**Data for analysis:**
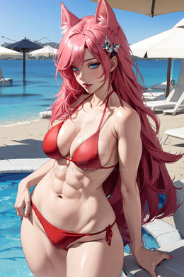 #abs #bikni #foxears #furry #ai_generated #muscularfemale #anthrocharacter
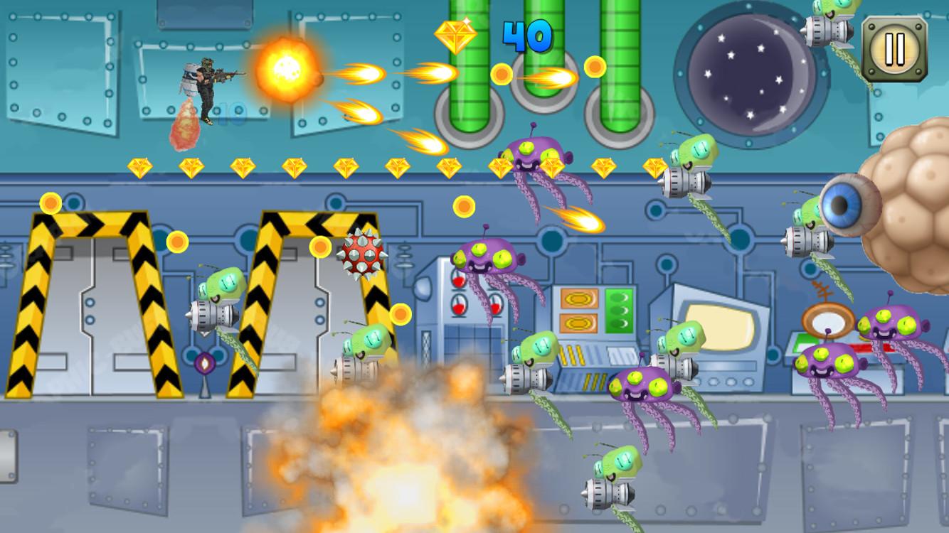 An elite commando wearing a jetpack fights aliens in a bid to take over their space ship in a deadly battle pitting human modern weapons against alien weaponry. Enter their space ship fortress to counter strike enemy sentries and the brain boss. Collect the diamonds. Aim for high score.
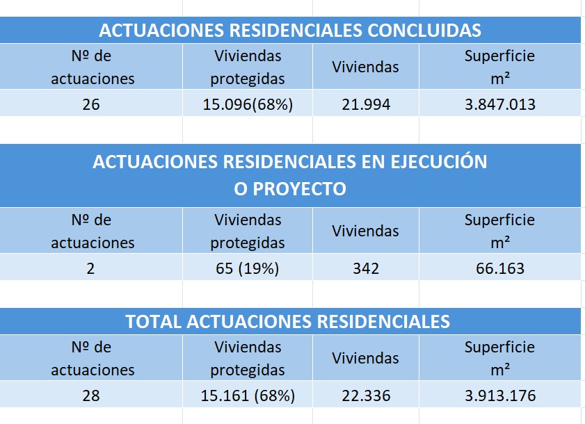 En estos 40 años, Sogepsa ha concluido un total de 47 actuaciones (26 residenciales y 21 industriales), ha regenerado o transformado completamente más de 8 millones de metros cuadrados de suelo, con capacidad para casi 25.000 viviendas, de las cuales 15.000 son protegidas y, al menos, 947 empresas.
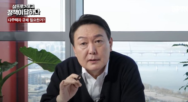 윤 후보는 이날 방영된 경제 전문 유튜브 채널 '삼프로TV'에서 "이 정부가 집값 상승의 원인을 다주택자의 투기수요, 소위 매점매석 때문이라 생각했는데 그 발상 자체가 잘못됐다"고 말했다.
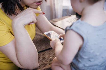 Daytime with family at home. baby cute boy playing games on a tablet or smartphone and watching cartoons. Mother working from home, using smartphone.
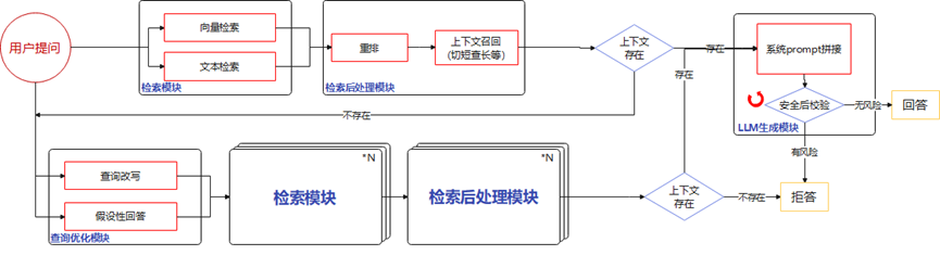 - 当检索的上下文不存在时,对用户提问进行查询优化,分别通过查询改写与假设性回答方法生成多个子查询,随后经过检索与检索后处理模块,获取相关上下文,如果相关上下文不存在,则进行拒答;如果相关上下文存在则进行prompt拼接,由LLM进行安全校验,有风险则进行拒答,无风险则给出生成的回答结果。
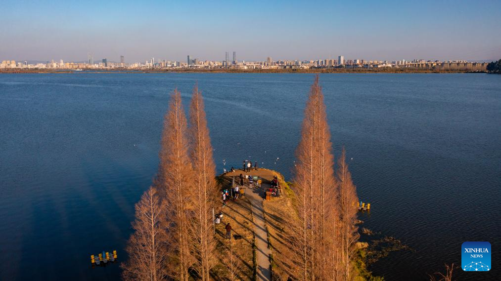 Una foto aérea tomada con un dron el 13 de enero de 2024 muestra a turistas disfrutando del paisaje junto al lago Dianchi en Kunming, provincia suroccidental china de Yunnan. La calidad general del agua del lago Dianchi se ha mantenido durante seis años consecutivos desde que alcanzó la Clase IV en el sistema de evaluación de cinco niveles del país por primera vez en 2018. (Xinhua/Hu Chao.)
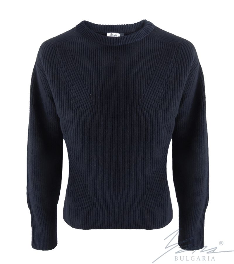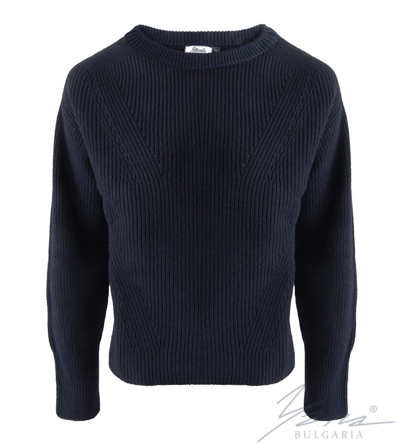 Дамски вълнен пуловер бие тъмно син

**Work instruction:**
Every line from the one that contains "- 当检索的上下文不存在时,对用户提问进" through the end of the records above is to be reproduced exactly; no picture goes in the copy.

**Result:**
 - 当检索的上下文不存在时,对用户提问进行查询优化,分别通过查询改写与假设性回答方法生成多个子查询,随后经过检索与检索后处理模块,获取相关上下文,如果相关上下文不存在,则进行拒答;如果相关上下文存在则进行prompt拼接,由LLM进行安全校验,有风险则进行拒答,无风险则给出生成的回答结果。
 Una foto aérea tomada con un dron el 13 de enero de 2024 muestra a turistas disfrutando del paisaje junto al lago Dianchi en Kunming, provincia suroccidental china de Yunnan. La calidad general del agua del lago Dianchi se ha mantenido durante seis años consecutivos desde que alcanzó la Clase IV en el sistema de evaluación de cinco niveles del país por primera vez en 2018. (Xinhua/Hu Chao.)
 Дамски вълнен пуловер бие тъмно син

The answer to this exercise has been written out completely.